The court case was run by Gisha: Legal Center for Freedom of Movement, an Israeli non-profit organization.

Gisha say that Israel has refused to grant hundreds of requests by Gaza students for entry permits to Israel so that they can travel abroad to continue their studies. And Gisha further says
"the ban "is part of a policy of closure and collective punishment that is trapping 1.5 million civilians."

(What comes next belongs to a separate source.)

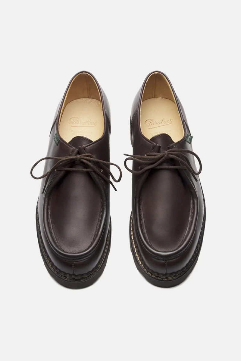 Intergenerazionale e androgino, questo modello del Michael è diventato l’emblema iconico di Paraboot. La sua creazione, a opera della seconda generazione Richard-Pontvert, coincise con la nascita di Michel Richard nel 1945.
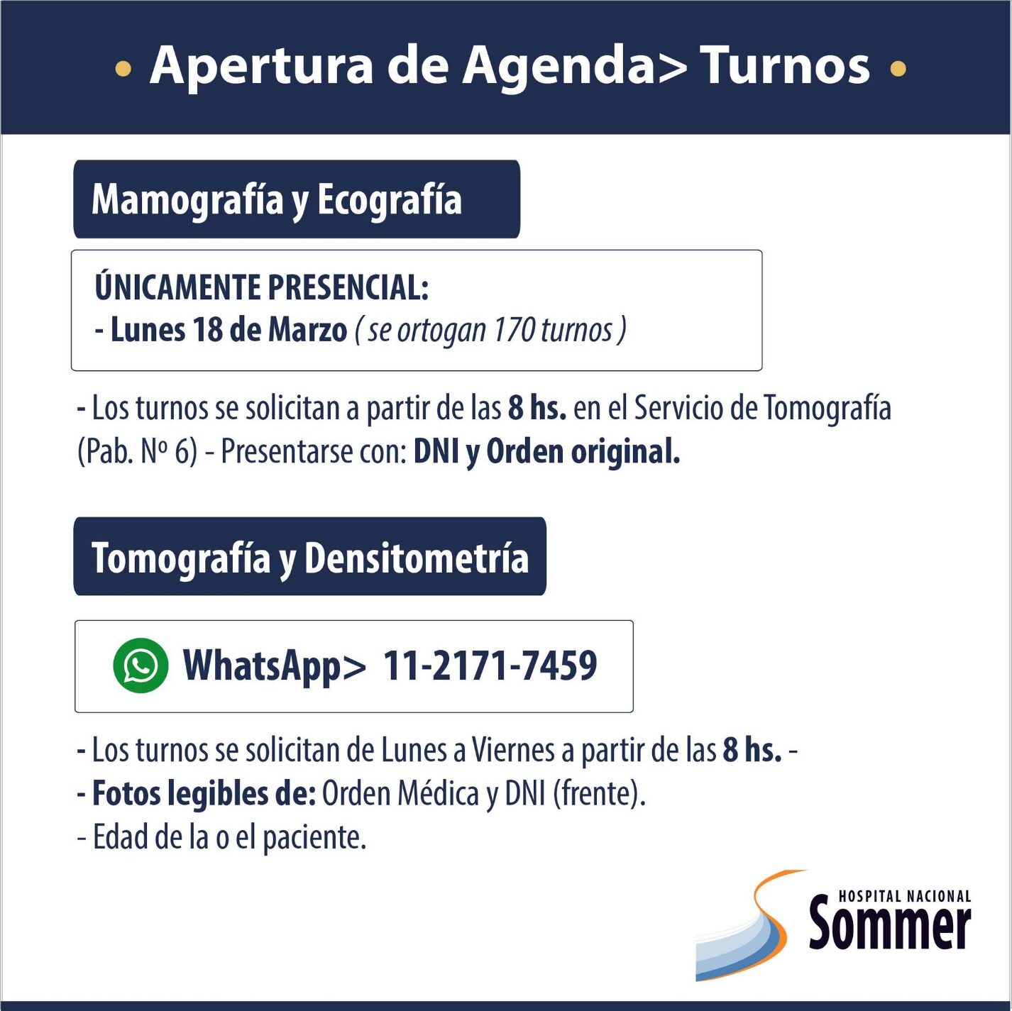 Apertura de agenda del Hospital Sommer

Gisha's briefing on Israel's ban on students, and others, leaving Gaza, is an informative document, that argues
according to the Fourth Geneva Convention and the Hague Conventions of 1907, which were designed to protect the rights of civilians in times of war and occupation, the State of Israel is obligated to protect the residents of Gaza, to allow them to live normal lives and to safeguard their rights. Also according to the Geneva Convention and the Hague Conventions, Israel must provide for the regular functioning of civil institutions in Gaza, including the school system and institutions of higher education.
The Fourth Geneva Convention and its First Additional Protocol prohibit the use of collective punishment.
Among the rights which the State of Israel is obligated to uphold for the residents of Gaza is the right to leave and reenter the Gaza Strip. The right of any person to leave a given territory, including the territory in which he or she lives, is protected by the Universal Declaration of Human Rights and the International Covenant on Civil and Political Rights.
Israel's policy of stopping students take up courses either in Israel or overseas is morally and legally wrong and is politically stupid.

By its actions Israel is building up a generation of disaffected intelligent young people with a rage against Israel for stopping them studying overseas *and* is also delaying the much needed economic growth of Gaza and Palestine.

That's a double whammy of bad consequences that comes from being politically inept and stupid.